Last evening, Reason co-sponsored an event at New York's great Museum of Sex titled "Thank You for Vaping," in which foes of the nanny state lit up electronic cigarettes (filled with all sorts of material!) in defiance of the Big Apple's new vaping ban. It was a swell time, as perusal of the press coverage can attest.
More than 300 e-smokers showed up for a "vape-in" at Manhattan's Museum of Sex Monday night to protest a New York City ban on indoor e-cigarette smoking. They thumbed their noses at e-cigarette prohibitionists by dancing and vaping the night away until well past midnight, when the ban went into effect. […]
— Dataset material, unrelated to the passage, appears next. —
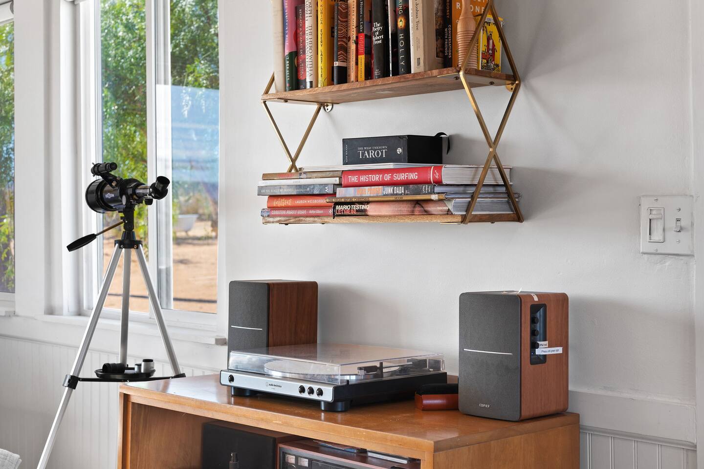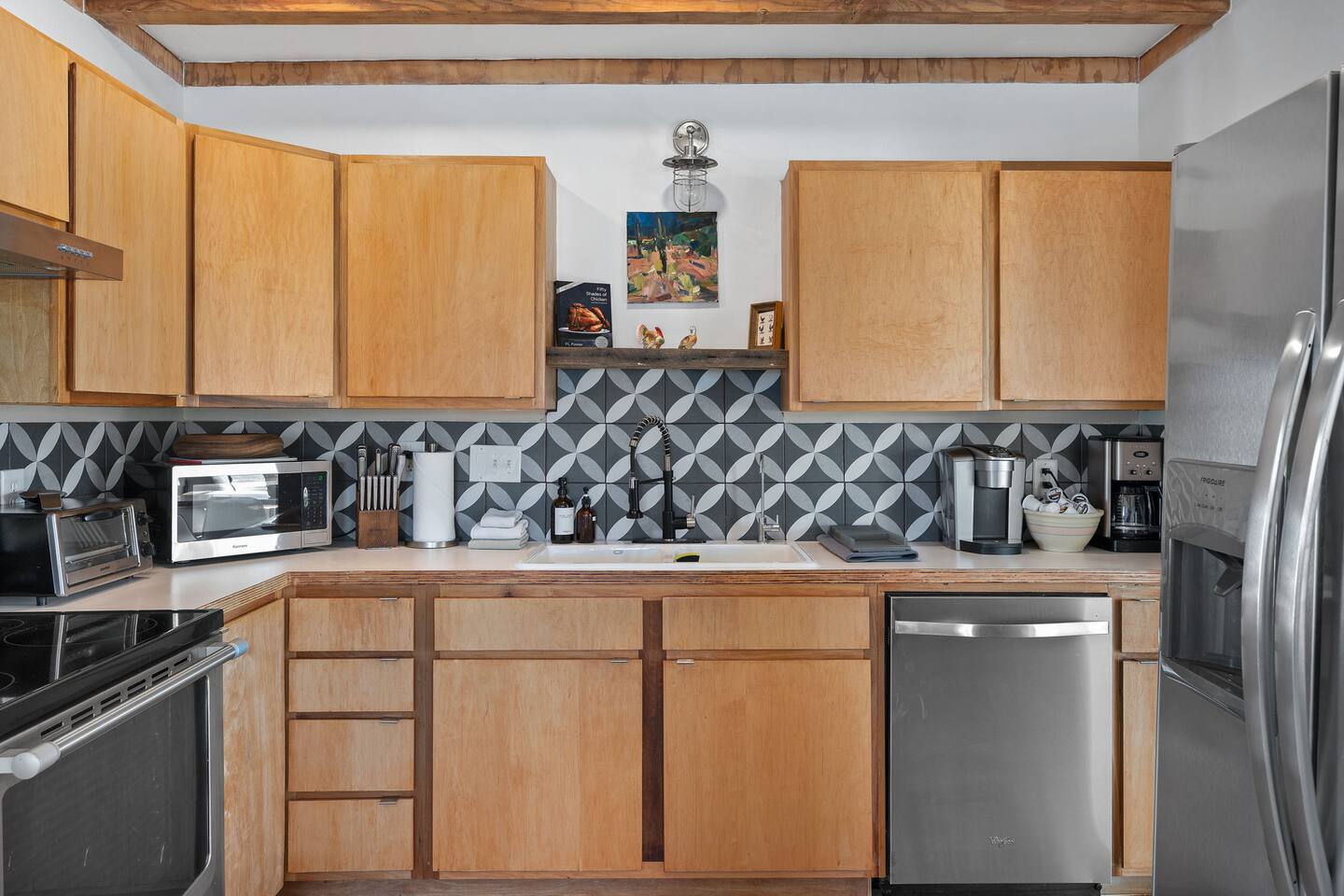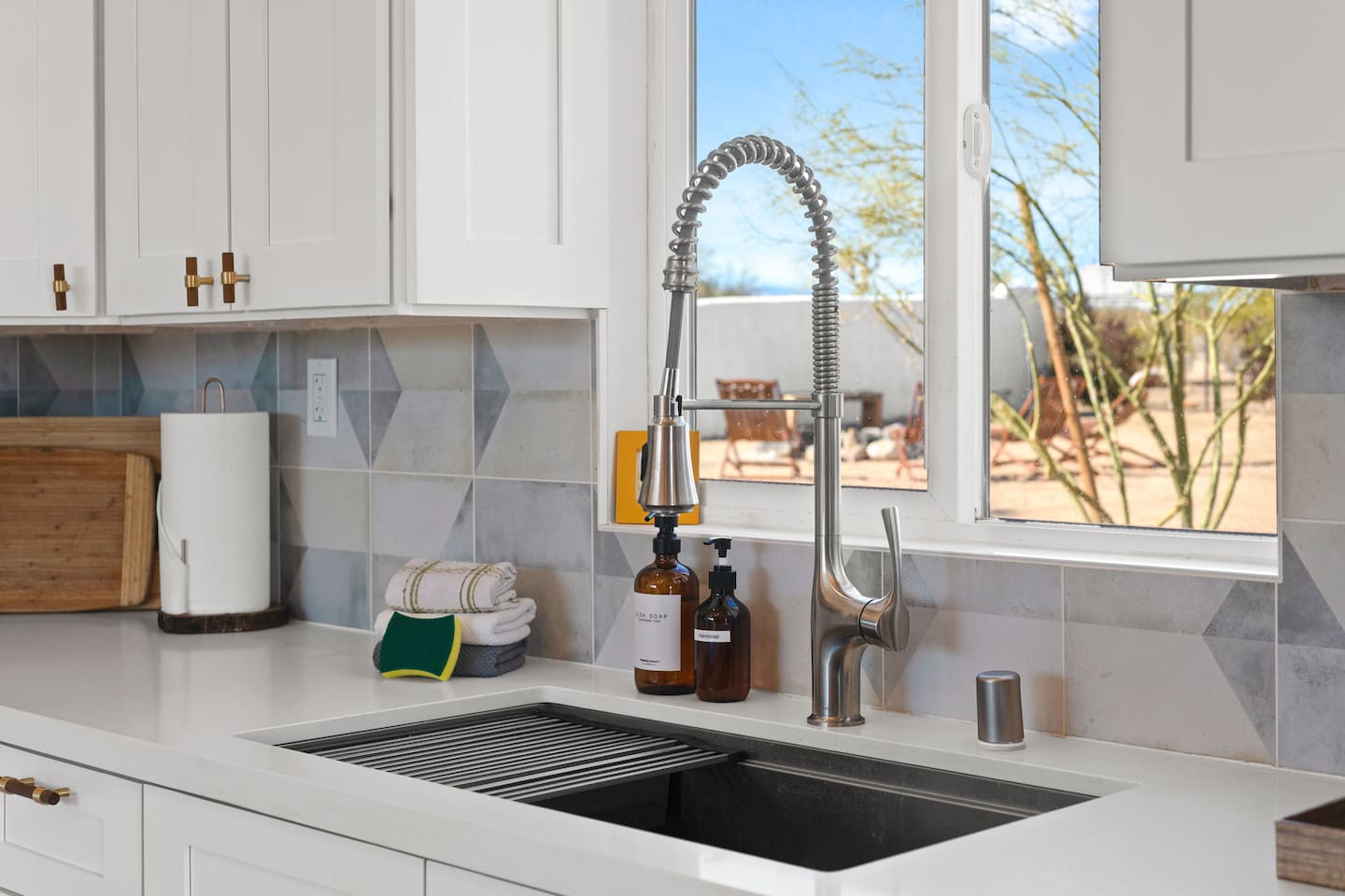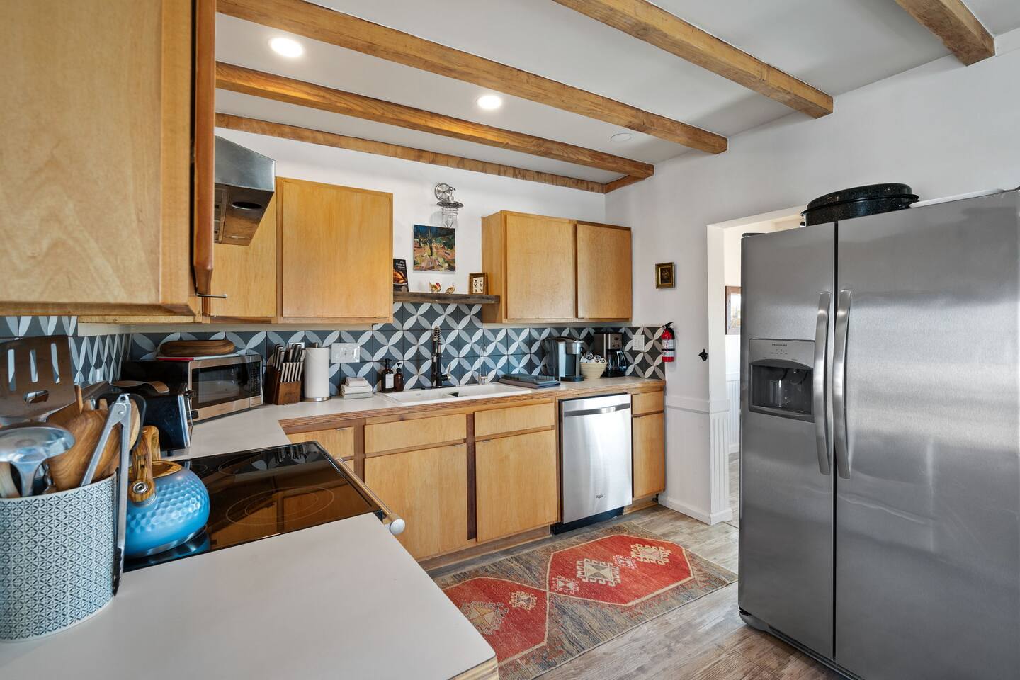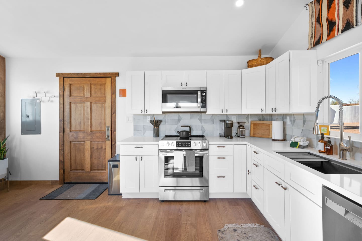 Inside, both homes feature fully equipped kitchens stocked with everything you need to cook up a delicious meal. Whether you prefer the ease of a Keurig or the tradition of a drip coffee maker, we’ve got you covered. Each kitchen also includes complimentary coffee and tea, cooking and baking basics, a toaster, microwave, and a gas range with oven—making meal prep simple and stress-free. Each house features two bedrooms and one bathroom, stocked with plush bedding, linens, towels, and toiletries for a comfortable stay. Main House: Bedroom 1 – Queen bed with a trundle single bed (for kids) Bedroom 2 – Queen bed with a trundle single bed (for kids) + a pack 'n play Living Room – Queen-size sleeper sofa & one queen air mattress Casita: Bedroom 1 – Queen bed Bedroom 2 – Queen bed with two single floor mattresses Living Room – Queen-size sleeper sofa & one queen air mattress Unwind under the stars in the hot tub or gather around the warmth of two gas firepits. Fire up the two outdoor grills to prepare a delicious feast, then enjoy your meal at the outdoor dining table or relax in the cozy lounge area. For entertainment, enjoy a classic evening by the wood firepit, challenge friends to a game of foosball or cornhole, or choose from a selection of board games for some friendly competition. With ample outdoor space to relax and connect, this Airbnb offers the perfect setting to unwind, socialize, and experience the beauty of Joshua Tree. Book your stay today and create unforgettable memories in this desert oasis!Inside, both homes feature fully equipped kitchens stocked with everything you need to cook up a delicious meal. Whether you prefer the ease of a Keurig or the tradition of a drip coffee maker, we’ve got you covered. Each kitchen also includes complimentary coffee and tea, cooking and baking basics, a toaster, microwave, and a gas range with oven—making meal prep simple and stress-free. Each house features two bedrooms and one bathroom, stocked with plush bedding, linens, towels, and toiletries for a comfortable stay. Main House: Bedroom 1 – Queen bed with a trundle single bed (for kids) Bedroom 2 – Queen bed with a trundle single bed (for kids) + a pack 'n play Living Room – Queen-size sleeper sofa & one queen air mattress Casita: Bedroom 1 – Queen bed Bedroom 2 – Queen bed with two single floor mattresses Living Room – Queen-size sleeper sofa & one queen air mattress Unwind under the stars in the hot tub or gather around the warmth of two gas firepits. Fire up the two outdoor grills to prepare a delicious feast, then enjoy your meal at the outdoor dining table or relax in the cozy lounge area. For entertainment, enjoy a classic evening by the wood firepit, challenge friends to a game of foosball or cornhole, or choose from a selection of board games for some friendly competition. With ample outdoor space to relax and connect, this Airbnb offers the perfect setting to unwind, socialize, and experience the beauty of Joshua Tree. Book your stay today and create unforgettable memories in this desert oasis!

Tara Lober, a 21-year-old from Brooklyn who attended the event, said she thinks the ban is silly.
"This is a health issue, yes, but I see it as closer to a civil rights issue," Lober said[.].
The scene might have been mistaken for a pickup spot—there were more than 100 bodies loose with booze, many toking on hookah-looking things. But those present consisted of vapers, what users of e-cigarettes and higher-tech nicotine-vaporizing devices call themselves, and they gathered to protest the city's indoor e-cig ban that took effect at midnight—by continuing to vape after 12 a.m. […]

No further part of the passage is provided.